HCI: Did I see you cited saying that you really considered building something internally before finding Tuva?
Taylor: Yes, that is correct. We said, ok, there is nothing that can buy that will give you this transparency. It is a black box. We wanted to build our own infrastructure, because there is nothing to serve both worlds in this sophisticated way and allow us to put it into something modern, such as fabric or aws, so that we can also take advantage of those services. So we were going to build it ourselves, but then our actuaries learned about Tuva, and our data scientists took a look, and it was the perfect combination for our problem.
HCI: Could the open source nature of this allow the things developed in a health system to be used by other health system partners without having to reinvent the wheel?

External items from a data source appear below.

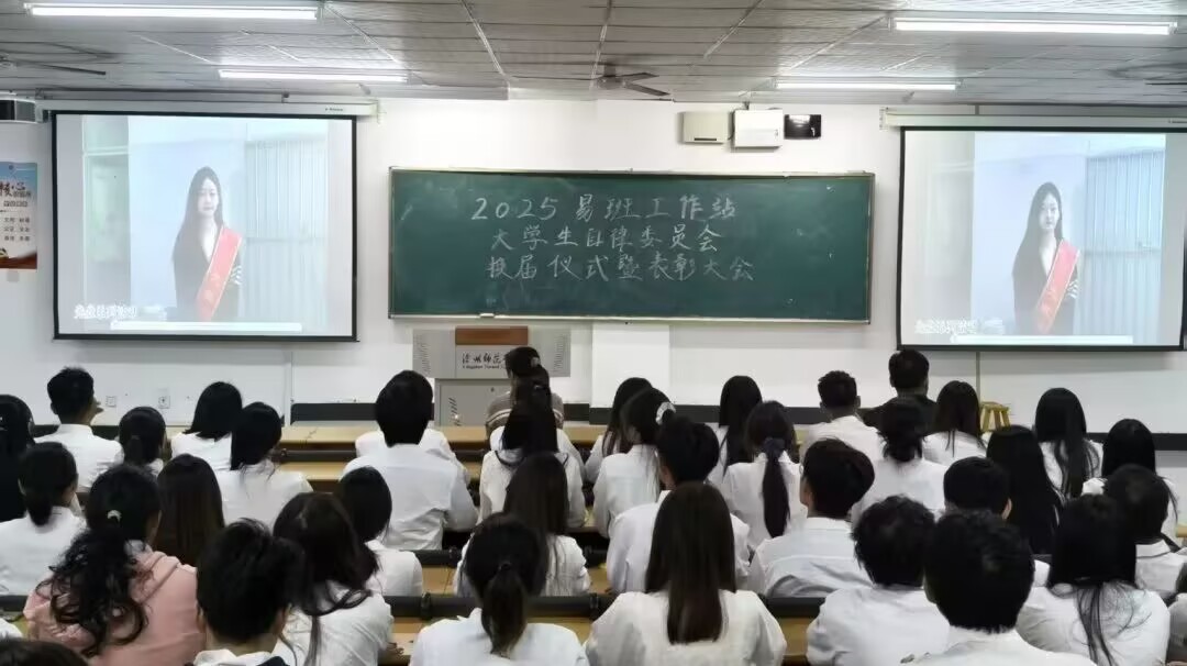 金秋时节,硕果满枝。2025年10月14日,沧州师范学院2025年大学生自律委员会与易班工作站换届仪式暨表彰大会在齐越楼三阶梯教室顺利召开。学生工作处教师郑全盛、刘广月莅临指导,两个组织全体成员齐聚一堂,共忆奋斗时光,见证薪火交接。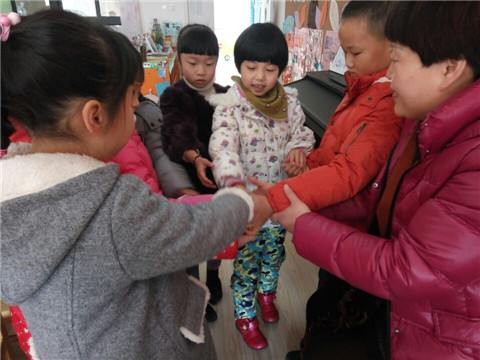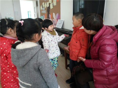 孩子们一个个热情地向九九小朋友介绍着自己,并欢迎九九小朋友来到我们大一班,成为我们的好朋友。听! “九九,你好,我是杨乐涵,很高兴见到你,我们现在就是朋友了。” “九九你好,我是张子阳,我也是上学期新来的,我们大一班可好了,你不用害怕,我们现在就是朋友了,你还会有很多得新朋友的。”“九九,你好,我是俞星伊,我们做朋友好吗?”……九九看着一个个热情地小朋友向他问好,原本有些胆怯而尴尬的小脸变得快乐起来,鼓起勇气说了声:“谢谢小朋友,我好开心。”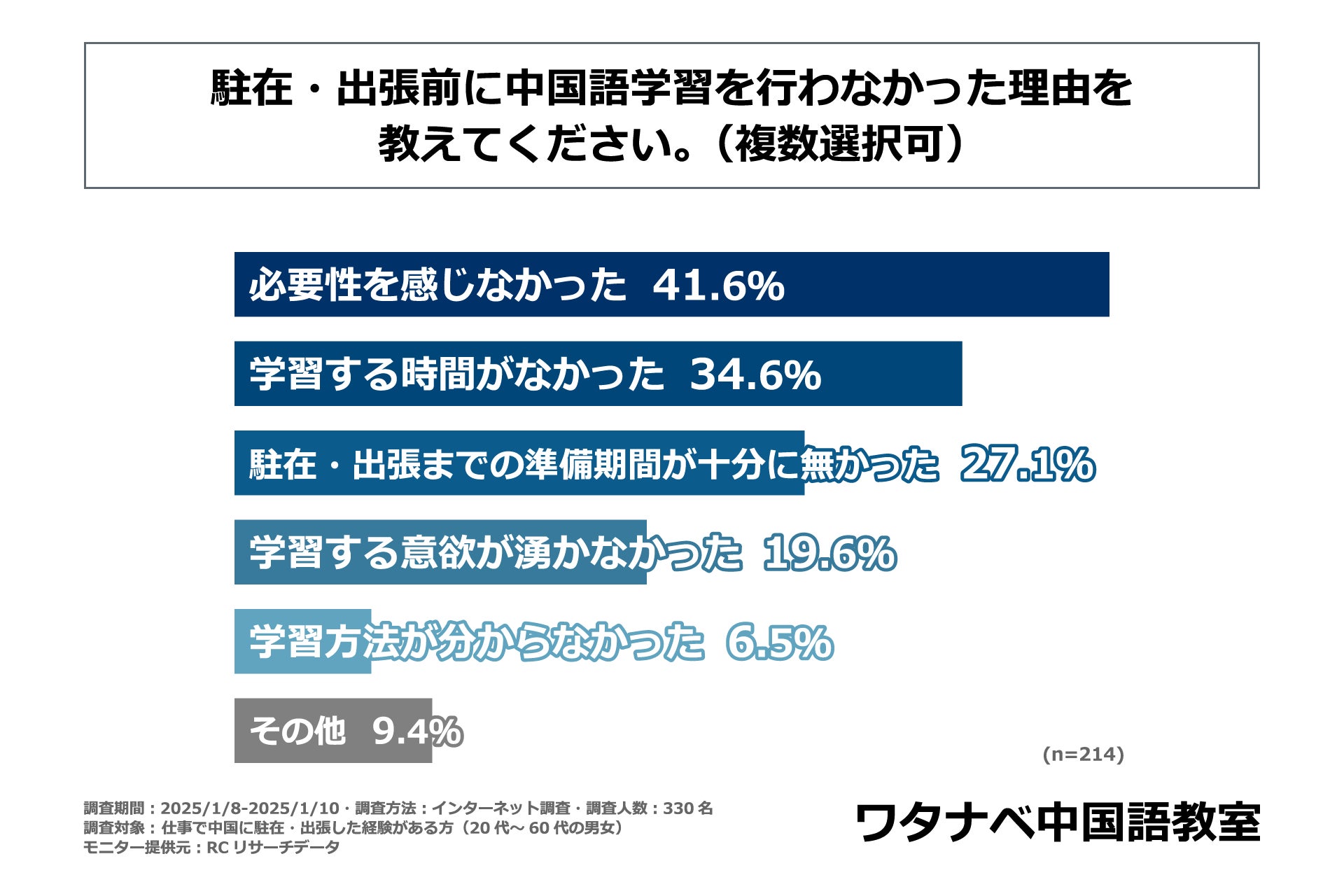 また、駐在・出張前に、中国語学習を行っていないと回答された方に「駐在・出張前に中国語学習を行わなかった理由」を尋ねる設問への回答では、1位が「必要性を感じなかった」で41.6%、2位が「学習する時間がなかった」で34.6%、3位が「駐在・出張までの準備期間が十分に無かった」で27.1%という結果になりました。この結果から、約3割の方は学習時間及び環境を用意できなかったことが原因で、勉強しなかったこと判明しました。
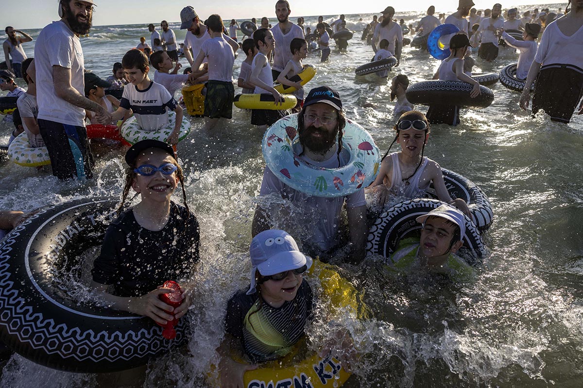 Judios ultra ortodoxos se bañan en una playa reservada solamente para hombres al Sur de Israel.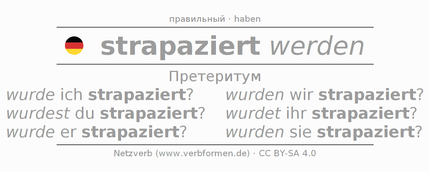 Спряжение strapazieren в Претеритум Индикатив Прошлое время Пассив с werden: wurde ich strapaziert?, wurdest du strapaziert?, wurde er strapaziert?, wurden wir strapaziert?, wurdet ihr strapaziert?, wurden sie strapaziert?.Образование этих форм происходит по определённым грамматическим правилам. Так же спрягаются простые глагольные формы strapazieren в Претеритум. Kомментарии ☆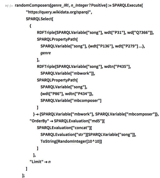 Instead, we’ll use a different approach: ordering by the MD5 hash of the song IRI catenated by a random string. Putting everything together, we arrive at this function, which gives a number of random work-composer pairs for a given genre: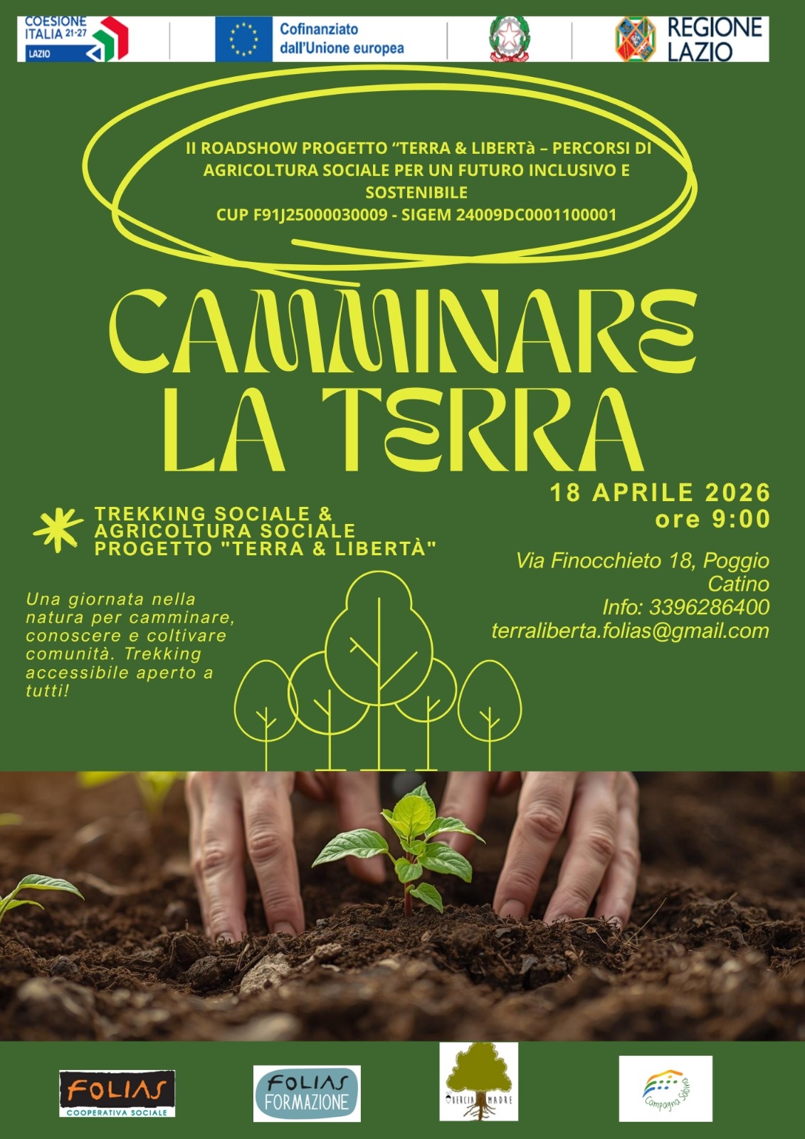 La Cooperativa Folias in collaborazione con Folias Formazione, lโazienda agricola Quercia Madre e Campagna Sabina รจ lieta di invitarvi a ๐๐ป๐ฎ ๐ด๐ถ๐ผ๐ฟ๐ป๐ฎ๐๐ฎ ๐ป๐ฒ๐น๐น๐ฎ ๐ป๐ฎ๐๐๐ฟ๐ฎ ๐ฝ๐ฒ๐ฟ ๐ฐ๐ฎ๐บ๐บ๐ถ๐ป๐ฎ๐ฟ๐ฒ, ๐ฐ๐ผ๐ป๐ผ๐๐ฐ๐ฒ๐ฟ๐ฒ ๐ฒ ๐ฐ๐ผ๐น๐๐ถ๐๐ฎ๐ฟ๐ฒ ๐ฐ๐ผ๐บ๐๐ป๐ถ๐๐ฎฬ.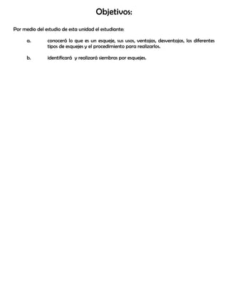 Este documento presenta información sobre la propagación de plantas por esquejes. Explica que un esqueje es un fragmento de planta que puede enraizar para formar una nueva planta genéticamente idéntica a la planta original. Detalla cuatro tipos principales de esquejes y ofrece ejemplos de plantas que se pueden propagar de cada tipo. Además, discute las ventajas de la propagación por esquejes, como asegurar resultados deseados y acelerar el desarrollo de plantas, así como las posibles desventajas, como la
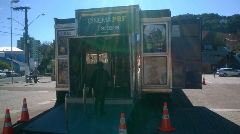 15/06/2015 A Polícia Rodoviária Federal transformou uma carreta em sala de cinema para o trabalho de conscientização de segurança no trânsito a toda população, especialmente a estudantes de escolas municipais. Inaugurado em 2014 com 92 lugares, teleprojeção e ar condicionado, já percorreu os 25 postos da PRF em Santa Catarina.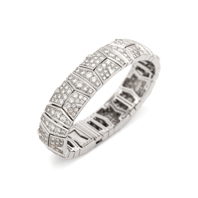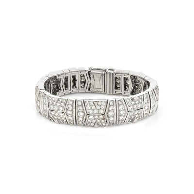 Containing numerous round brilliant cut diamonds weighing approximately 12.25 carats total. Mounted in white gold.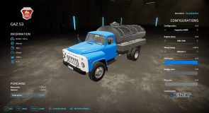 Added GAZ 52 design – it can be selected in the Configuration menu. Firstly is the GAZ 53 design with configurations of 5000 l, 6500 l, 8500 l forage wagon, flatbed, Milk and water body. After that is the GAZ 52 design with the same bodies configurations. GAZ 52 design changes the cab front mask and the truck taillights;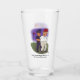 A drinking glass with a funny cartoon about Trump and his arrest. Original artwork by DBcartoons.
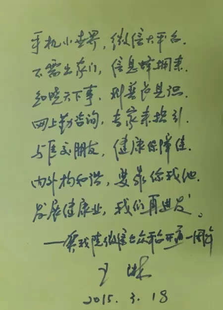 2015年3月18日是我院官方微信开通一周年之际,收到了来自医院党政领导、临床科室专家、病员朋友及社会各界和广大媒体朋友的祝福。 我院官方微信自开通以来,每天定时发布咨询、健康、便民等信息,搭建医生与患者之间的互动交流渠道,传递健康理念,倡导人们健康生活。截止目前,共向用户推送信息2000余条,内容涵盖《医院资讯》、《健康科普》、《影像记》、《名医名片》、《养生斋》、《新技术》、《分院动态》、《好书推荐》、《生活小窍门》、《周末轻松一刻》等。为更加方便患者就医,医院还对微信进行了功能升级,增加了医院概况、便民服务和就医指南等栏目。随着功能的进一步完善,我院将进一步推广微信技术功能,开通医疗APP和微信预约挂号支付等功能,进一步方便广大客户。 据悉,我院官方微信目前受众人数已达4600余人,只需在微信上搜索“泸医中医院”或公众平台订阅号“ly_3162263”即可加入我院官方微信大家庭。医院将不断完善公众微信,陆续推出预约挂号、查询诊断信息等功能,让市民朋友足不出户即可了解更多健康资讯。相关链接: 官方微信开通一周年之际,收到了大家的祝福。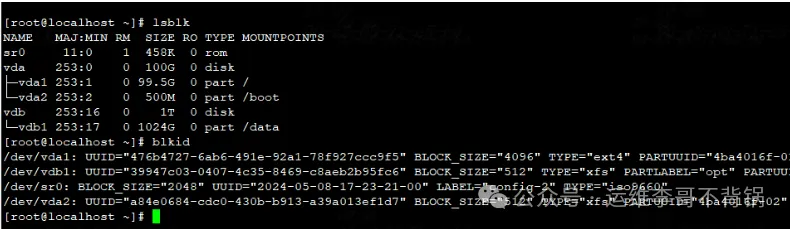 lsblk:列出系统中所有块设备(磁盘、分区等),非常适合快速查看磁盘挂载情况。blkid:查看每个设备的 UUID 和文件系统类型,适用于 fstab 静态挂载。复制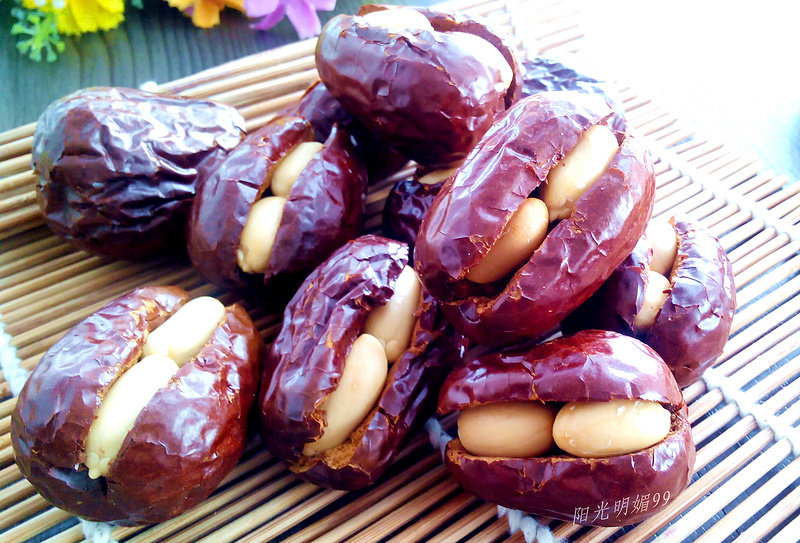 图中使用的是ACA烤箱,各家烤箱温差有所不同,请适当调整。我做过枣夹核桃的也好吃,花生的比枣夹核桃更香更好吃!菜谱里用的是新疆红枣,红枣的品种不同,干湿度也不同,烤的时候勤观察适当调整时间。

Taylor: Deep in my heart and written in Multicare’s values is the fact that we do not want to compete in this. What we want to compete is how care we are providing the community. As Aaron described, health systems are solving this 100 times. We no longer need to do that. We can have this semantic and shared infrastructure that we have the ability to customize our business culture, and that is what will give us that advantage, because any customization we do is bring to a better service, better health. But the basic concepts must be shared, because we should not compete in that in the market.
HCI: anything else you want to add?
Taylor: We are all trying to solve this really difficult problem with much less resources than before the pandemic because we are still in deep recovery mode. It is incredibly energizing to find a place that has an answer other than a million dollars, because that seems to be the price for each agent with which we are trying to solve medical care: one million dollars.
We hope to have some excellent results for the end of the year. Until now, we display the data warehouse in five weeks. We were in production, we executed contracts in three weeks and we had them in QA, and we are doing a data analysis out of there. Then, in a matter of eight weeks, we had a business data warehouse, which is surprising.